Lots of things are going on at the farm and I am guilty of not getting around to writing about them. Hopefully I will get a bit caught up here. Perhaps shortly down the road, I will be able to add more. Spring has had a slow and staggered beginning. Yet finally we saw enough sunshine and felt enough warmth to believe that the weather had turned the corner. Many of the early migratory birds arrived on schedule. (In a few instances they were ahead of schedule.) One of the pleasures we have experienced regularly over the last few years has been in increase in numbers of Sandhill Cranes that have visited us. I can remember one of the first springs that occurred after we purchased the farm in 1983. I was exceedingly excited to see a single crane in the middle of what is now our main hay field. I had never before seen one. I grabbed my camera and added a telephoto lens and spent an hour slowly sneaking up on the bird. Much of the approach was done crawling across the field. The pictorial results were poor: a bird far off and very difficult to see. It was a number of years before I saw another crane on the property. Now, over the last few years the Sandhills arrive early in April and daily spend lots of time on the farm, often in small groups, bugling their presence. This year the numbers have been very pleasing. Toward the first of May we were greeted by a flock of at least 25 cranes in the middle of the hay field. They did not give me enough time to get good photos, but they provide a magnificent show, especially when they all decided to take flight. Our flock is nothing to compare to what can be seen along the Platte River, but they still give us an amazing thrill!

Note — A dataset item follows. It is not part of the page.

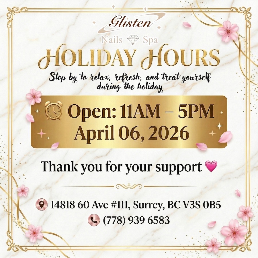 Located conveniently in South Newton, Surrey, BC V3S 1R9, with an airy, clean space with a friendly and relaxing atmosphere, our nail salon would bring you the most comfortable moment.
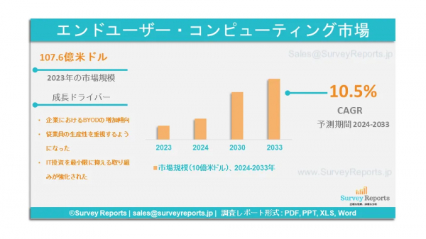 サーベイレポート合同会社は、ソリューション別(仮想デスクトップインフラ、デバイス管理、ユニファイドコミュニケーション、ソフトウェア資産管理、その他)、サービス別(コンサルティング、サポート&メンテナンス、トレーニング&教育、マネージドサービス、その他)、展開形態別(オンプレミス、クラウド、その他)、組織別(大企業、中小企業、その他)、エンドユーザー別(I.T.、 通信, 政府, 小売, メディア & エンターテインメント, その他) - エンドユーザーコンピューティング市場の予測評価を提供する世界市場分析、動向、機会、予測、2024-2033年です。エンドユーザーコンピューティング市場の成長促進要因、市場機会、課題、脅威など、いくつかの主要な市場ダイナミクスを紹介しています。

Closer to the house our Magnolia bush has been growing well since we planted it a few years ago. This year it performed a beautiful welcoming to spring. Beneath it grow an early blooming variety of tulip. This year they timed their blooming to perfectly coincide. Sadly, after two glorious days of blossoms, we were hit by two nights of late frosts. It was cold enough to “burn” most of the Magnolia blossoms. Nevertheless, from a distance the bush/tree remained gorgeous. Now, over two weeks later, we have a lovely carpet of white blossom petals below the bush. We are hopeful that the hard freeze did not do significant damage to the cherry and apple blossoms in the county. We will have to wait to see if the fruit crop was harmed.
Going into late May (with the exception of the Ashes) almost all of the native deciduous trees have budded out and soon will have a full leaf cover. Pastures are growing and grazing sheep will soon be a regular routine.